- The Washington Times - Friday, March 16, 2007

WALTHAM, Mass. — His church started in his living room, growing steadily as it moved wherever it found space, from public parks, to a YMCA to a former woodworking shop.

But by 2002, the New Covenant Christian Church of Cambridge was straining the old shop’s walls, and the Rev. Thomas St. Louis knew more room was sorely needed. Then, the financial stress on the Boston Archdiocese provided an opportunity for Mr. St. Louis’ Haitian-American congregation.

Mr. St. Louis’ church now meets at the former St. Joseph Church in Waltham, which was among 44 church buildings shut down as 62 Roman Catholic parishes were dissolved in a broad consolidation in the Boston Archdiocese that began in 2004.

About half of the 26 church properties that have been sold are being used for new housing, while eight were purchased by other churches, including New Covenant, a 400-member evangelical Protestant church.

Now when Mr. St. Louis delivers his sermons in Creole, he is preaching to empty pews that his church has a chance to fill.

“Honestly from my heart, I wish the Catholic Church in Boston and greater Boston never had any problems to force the cardinal to sell those churches, because I know what those churches meant to the parish,” he said.

But one positive result, he said, is “the church could be used again as a church.”

Other churches with strong ethnic identities such as New Covenant’s have found homes in former Catholic properties, including another Haitian congregation that bought St. Peter in Malden. A Serbian Orthodox church bought Immaculate Conception in Cambridge and a Greek Orthodox church bought St. James in Arlington.

Jubilee Christian Church in Boston, one of New England’s largest churches, purchased Our Lady of the Rosary in Stoughton as a satellite for an estimated 2,000 members who live in that area. Another Protestant congregation, Greater Faith Pentecostal Worship Center, bought St. Joseph in Boston’s Hyde Park.

The little-known Swedenborgian church purchased Our Lady Help of Christians in Concord. And a Nazarene congregation bought St. Alphonsus in Danvers.

“Obviously we would have preferred to continue to operate these as Catholic churches,” said Terry Donilon, a spokesman for the archdiocese. But, he added, “in many cases, we have helped other congregations carry on many good works in communities, where they work to benefit people in need.”

The church closings were needed to deal with declining attendance, a priest shortage and money woes brought on in part by the clergy sex-abuse scandal. When the archdiocese put its properties on the market, top price was a priority, but it wasn’t the only factor. Community impact and planned use of the property were also considered.

For example, a proposal for a health care center at St. Boniface in Quincy was nixed because it could have involved counseling for abortion.

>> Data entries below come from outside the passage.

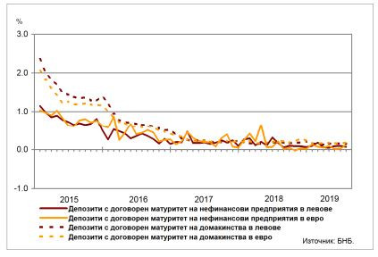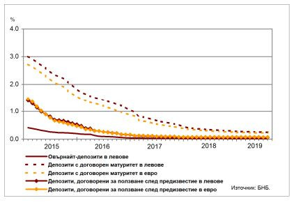 При влоговете с договорен матуритет в левове средният лихвен процент спада с 0,08 пр.п. до 0,25%, а по тези в евро – с 0,07 пр.п. до 0,22%. В сравнение с юли 2018 г. средните лихвени проценти по депозитите, договорени за ползване след предизвестие, в левове и в евро остават почти без промяна съответно на нива от 0,06% и 0,07%.
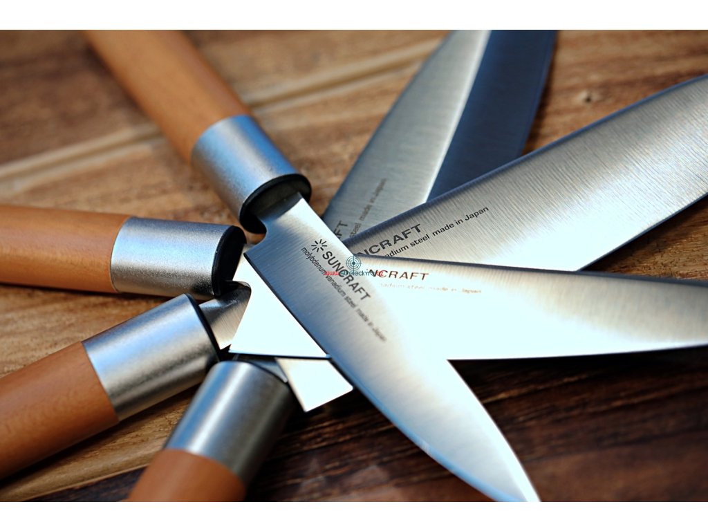 Velmi ostrý japonský nůž na okrajování ovoce a zeleniny Utility 120 mm Suncraft SENZO Japanese. Tento nůž je užitečnou alternativou velkého šéfkuchařského nože v okamžiku kdy potřebujete přesné řezy, nebo například krájení zelených fazolí nebo jiné menší zeleniny a ovoce. Jsou vhodné též pro špikování a krájení masa. Zaoblené ostří umožňuje mírné kývání při řezu. Jeho ostrost je ideální pro přípravu sendvičů všeho druhu. Dlouhá čepel a kulatá rukojeť ze dřeva magnolie Vám poskytne tu nejlepší kontrolu při řezání a krájení. Tato série nožů je nápadně podobná nožům KAI Wasabi - kvalita a zpracování je však na mnohem vyšší úrovni !
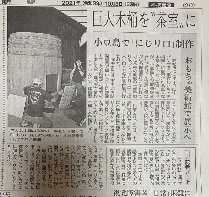 また今日の四国新聞さんにも【木桶の子ども茶室】が掲載されました!(^^)!
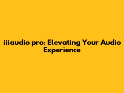 Iiiaudio Pro: Elevating Your Audio Experience
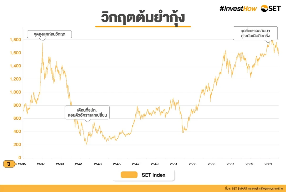 ชาร์ตแสดงการเติบโตของดัชนีตลาดหุ้นไทยช่วงปี 2535-2561 ข้อสังเกตคือ ระหว่างปี 2545-2547 เป็นช่วงที่ดัชนีหุ้นไทยเพิ่มขึ้นเป็นอย่างมาก | ที่มา SET Investnow
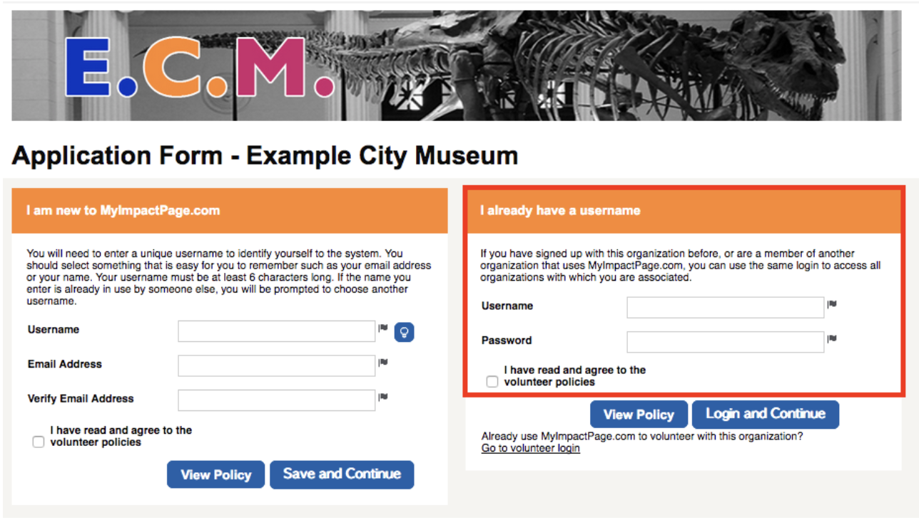 Users with an existing profile bypass the entry of their contact information. The application process will check to see if the volunteer has a date of birth (if required), phone number, and primary email address entered in their existing profile. It will also ensure that they have acknowledged your organization’s policies (if required).

The property is being used by a YMCA after-school program.

Fourteen of the 26 church buildings sold were slated for housing — ranging from subsidized units to luxury housing. Two other buildings were sold separately to Tufts University and Northeastern University. The former Immaculate Conception in Winchester is a day care center and Asuncion in Lawrence was sold to be used for commercial space.

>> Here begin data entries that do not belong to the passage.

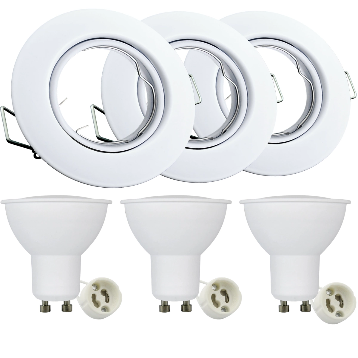 Sada 3x kulaté halogenové svítidlo + LED žárovka GU10 + keramická objímka GU10 je kompletní balení, které je připraveno k instalaci. Stropní svítidla jsou vyrobena z vysoce kvalitního kovu , díky čemuž jsou pevná a spolehlivá. Zde prezentovaná svítidla jsou bílá , která se snadno hodí k dekoraci většiny moderních bytů. Žárovky obsažené v sadě vydávají příjemné, bílé světlo o výkonu 3,5 W a světelném toku 250 lm .
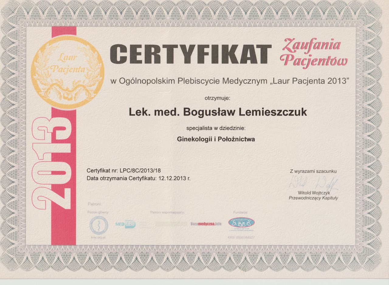 Bogusław Lemieszczuk: co mówią pacjenci?559 osób dodało swoją opinię. Bogusław Lemieszczuk ma średnią ocen 5 (na 5 gwiazdek).
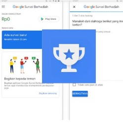 Aplikasi-aplikasi yang dilucurkan ole google juga turut memberikan hadiah atau berupa bonus kepada para penggunanya. Salah satu yaitu aplikasi yang memberikan keuntungan bagi para penggunanya adalah google survei berhadiah ini. Pengguna yang menggunakan aplikasi google survey berhadiah ini akan diminta untuk menjawab survei dan natinya akan mendapatkan saldo google play.
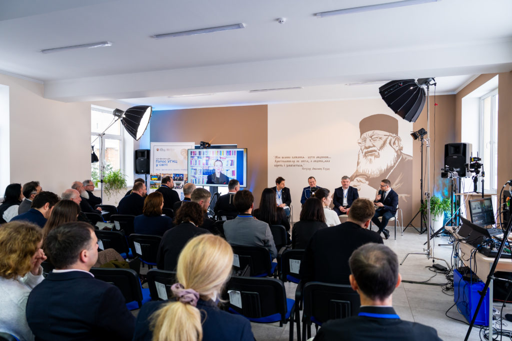 Модератором дискусійної панелі виступив Дмитро Шеренговський – проректор із зовнішніх зв’язків та суспільного служіння УКУ.

The archdiocese has completed $62 million in sales of properties put on the market by reconfiguration, and seven church buildings remain on the market.

Among churches not now on the market, 14 are tied up in canonical or legal appeals by parishioners trying to reverse the archdiocese’s decision to shutter them, including five that are still occupied by parishioners angry and hurt over what they say are unjustified closings.

The Rev. Nicholas Kastanas knew there was a lot of pain when parishioners from St. James in Arlington joined members of his Greek Orthodox congregation on a ceremonial, mile-long march from his old building, after his church purchased St. James in late 2005.

But Father Kastanas believes his congregation at St. Athanasius the Great will continue to be a blessing to the area. Since 2001, his church had been standing-room only at services, with 500 or more people squeezing into a space that comfortably held about 330. A tiny parking lot held 30 cars, and crossing a busy road was too harrowing for many would-be worshippers.

Efforts to purchase an adjacent property were continually stymied, but then the St. James property went on the market.

The $6 million purchase bought the church room for as many as 900 congregants, as well as its expanding programs for seniors, youth and social outreach.